■ TASK BRIEF ■
Up to and including the line that holds "お店の雰囲気や印象。または、", copy every line of the records below exactly, starting at the first; leave pictures out.
START INPUT FOR THIS TASK
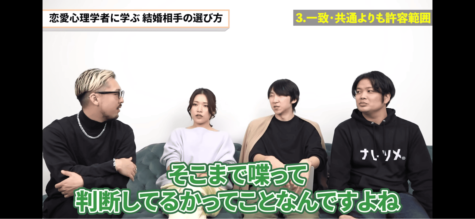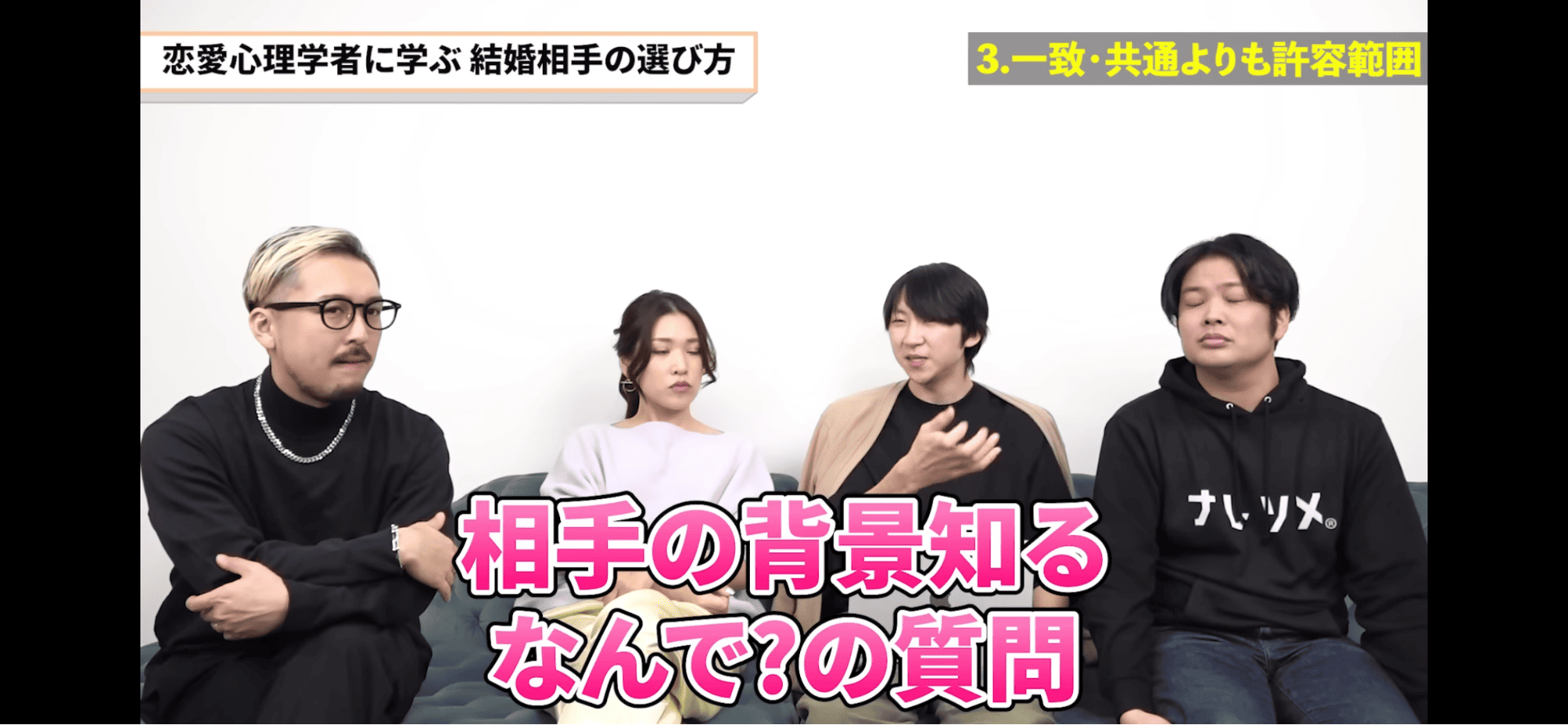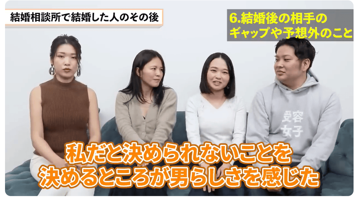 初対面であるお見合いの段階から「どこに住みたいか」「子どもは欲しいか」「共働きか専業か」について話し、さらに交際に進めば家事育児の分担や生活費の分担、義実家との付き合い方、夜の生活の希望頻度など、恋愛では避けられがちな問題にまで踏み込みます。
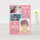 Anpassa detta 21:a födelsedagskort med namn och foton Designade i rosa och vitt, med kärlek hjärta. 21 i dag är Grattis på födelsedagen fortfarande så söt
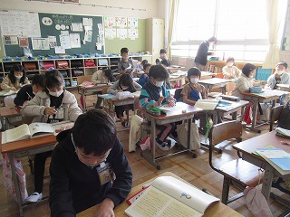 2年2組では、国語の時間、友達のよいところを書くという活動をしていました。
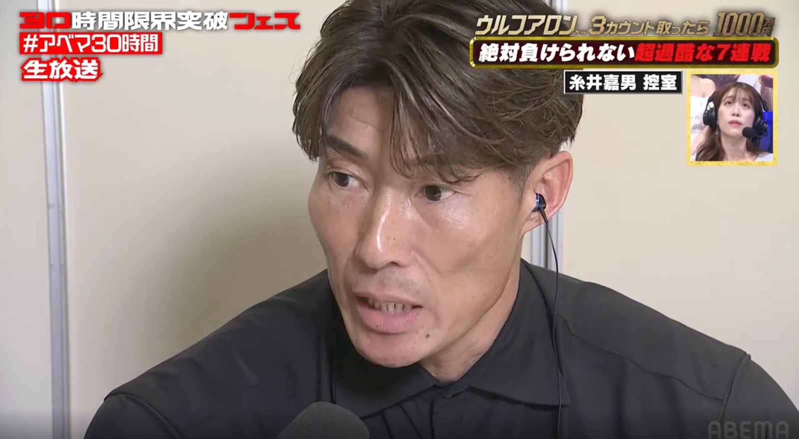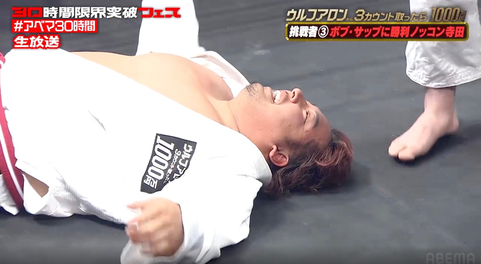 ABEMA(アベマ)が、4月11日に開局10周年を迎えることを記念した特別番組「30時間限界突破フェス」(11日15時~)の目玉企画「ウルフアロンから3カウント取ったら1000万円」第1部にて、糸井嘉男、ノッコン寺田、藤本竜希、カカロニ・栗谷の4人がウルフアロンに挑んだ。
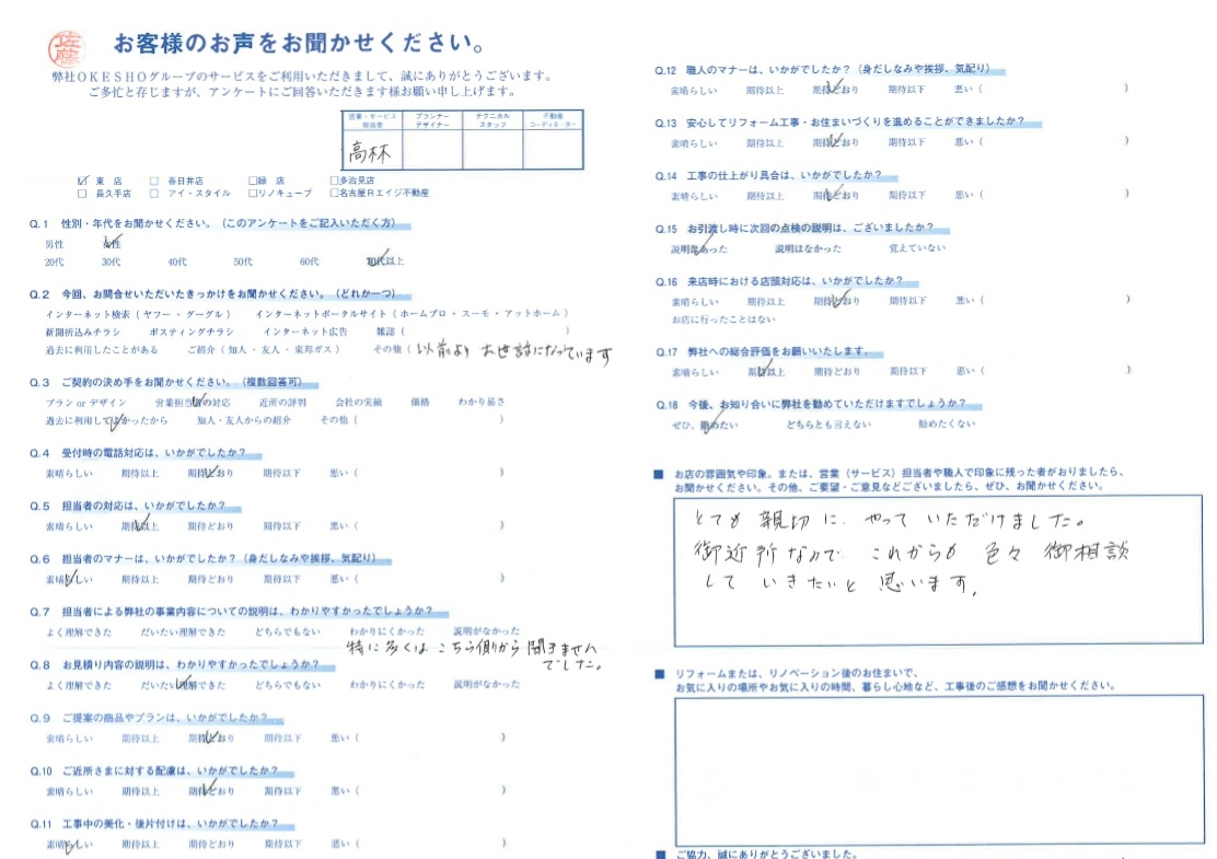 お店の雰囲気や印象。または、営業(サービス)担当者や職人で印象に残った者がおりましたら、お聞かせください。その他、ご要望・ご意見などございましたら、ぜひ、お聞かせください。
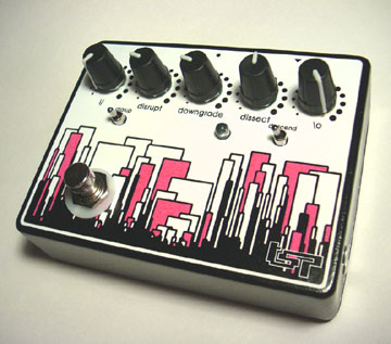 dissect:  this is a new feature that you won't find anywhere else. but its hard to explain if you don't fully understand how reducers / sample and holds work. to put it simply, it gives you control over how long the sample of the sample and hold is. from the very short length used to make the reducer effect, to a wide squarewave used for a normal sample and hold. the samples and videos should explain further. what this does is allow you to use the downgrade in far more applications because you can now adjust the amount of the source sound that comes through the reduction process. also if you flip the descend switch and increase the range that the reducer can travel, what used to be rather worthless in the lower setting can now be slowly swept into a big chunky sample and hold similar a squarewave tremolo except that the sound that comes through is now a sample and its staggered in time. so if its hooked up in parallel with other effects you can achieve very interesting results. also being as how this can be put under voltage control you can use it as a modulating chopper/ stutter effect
END INPUT FOR THIS TASK
■ ANSWER TO THIS EXERCISE ■
 初対面であるお見合いの段階から「どこに住みたいか」「子どもは欲しいか」「共働きか専業か」について話し、さらに交際に進めば家事育児の分担や生活費の分担、義実家との付き合い方、夜の生活の希望頻度など、恋愛では避けられがちな問題にまで踏み込みます。
 Anpassa detta 21:a födelsedagskort med namn och foton Designade i rosa och vitt, med kärlek hjärta. 21 i dag är Grattis på födelsedagen fortfarande så söt
 2年2組では、国語の時間、友達のよいところを書くという活動をしていました。
 ABEMA(アベマ)が、4月11日に開局10周年を迎えることを記念した特別番組「30時間限界突破フェス」(11日15時~)の目玉企画「ウルフアロンから3カウント取ったら1000万円」第1部にて、糸井嘉男、ノッコン寺田、藤本竜希、カカロニ・栗谷の4人がウルフアロンに挑んだ。
 お店の雰囲気や印象。または、営業(サービス)担当者や職人で印象に残った者がおりましたら、お聞かせください。その他、ご要望・ご意見などございましたら、ぜひ、お聞かせください。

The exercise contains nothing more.